Baroness Jay of Paddington

My Lords, before I respond to the noble Lord, Lord Beloff, perhaps I may correct one earlier comment. I am delighted to announce that my noble friend Lady Symons has confirmed that we have now formally ratified the Treaty of Amsterdam, although this has not brought it into being. I apologise to the House for my earlier incorrect statement.

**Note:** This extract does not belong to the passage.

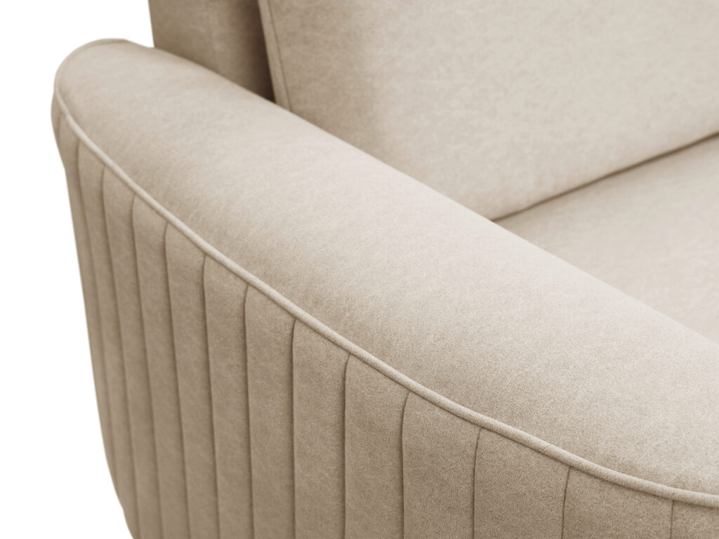 Ciekawa bryła mebla wzbogacona została dekoracyjnymi głębokimi przeszyciami na bokach mebla.

To come to the comments of the noble Lord, Lord Beloff, on the position of the newspapers, it is important to encourage open debate on all of these subjects, and that point has been made, but that is very different from the simple assertion of facts that are incorrect. Some of the assertions in the past few weeks in the British media about the supposed discussion on tax harmonisation have not assisted mature general debate, which I am sure the noble Lord wants to see developed. I refer to the comments in yesterday's Observer by the right honourable gentleman Mr. Kenneth Clarke, the former Chancellor of the Exchequer. He dismissed discussion of some of the issues about tax harmonisation as hysteria and farce. It is not simply those on this side of the House who believe that some of the discussion has been distorted. The noble Lord is right that there should be open discussion, but I hope that the debate on enlargement will be more factually informed than some of the recent discussion on tax harmonisation.